Tṛtīyaḥ paṭalaḥ (Sādhana) · Verso 98

अनेनैव विधानेन योगीन्द्रोऽवनिमण्डले ।

anenaiva vidhānena yogīndro'vanimaṇḍale |

Mediante este mismo método, el gran señor de los yogins en el círculo de la tierra [se vuelve perfectamente independiente y libre de todos los obstáculos].

Anenaiva vidhānena —mediante este mismo método— es el puente final entre las cuatro posturas enseñadas y la libertad completa. El pronombre eva (precisamente, exactamente) enfatiza que no hay otro camino: este sistema de posturas + prāṇāyāma + contemplación + secreto es el método completo. El yogīndra (señor supremo de los yogins) que lo aplica alcanza la soberanía en el avanimaṇḍala —el círculo de la tierra, el mundo manifestado.

Avanimaṇḍala (el círculo o disco de la tierra) es el cosmos tal como se experimenta desde la perspectiva humana encarnada. El yogin que domina este método no trasciende el mundo —lo habita con libertad soberana. Esta distinción entre la transcendencia huida del mundo y la soberanía dentro del mundo es una de las contribuciones más características del yoga tántrico frente al Vedānta advaita más abstracto: la liberación ocurre en el cuerpo y en el mundo, no a pesar de ellos.

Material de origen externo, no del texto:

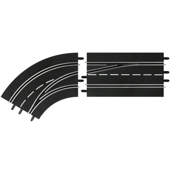 Předjíždění do zatáčky - levé, vnitřní pro autodráhy Digital 132 a Digital 124.Speciální díl pro autodráhy Digital 132 a Digital 124, který umožňuje přejetí do druhé dráhy. Přejížděcí manévr umožňuje přední tlačítko na ovladači rychlosti (30340), které přesune výhybku.Výhodou tohoto dílu je, že v...

El capítulo tercero del Śivasaṃhitā cierra aquí su arco temático: comenzó con la purificación de las nāḍīs mediante el prāṇāyāma básico, atravesó las cuatro etapas del prāṇāyāma avanzado, describió los poderes y las siddhis, presentó las técnicas de khecarī y dhāraṇā, y culmina con cuatro posturas que son el fundamento corporal de todo el edificio. Un tratado completo de yoga tántrico comprimido en un solo capítulo.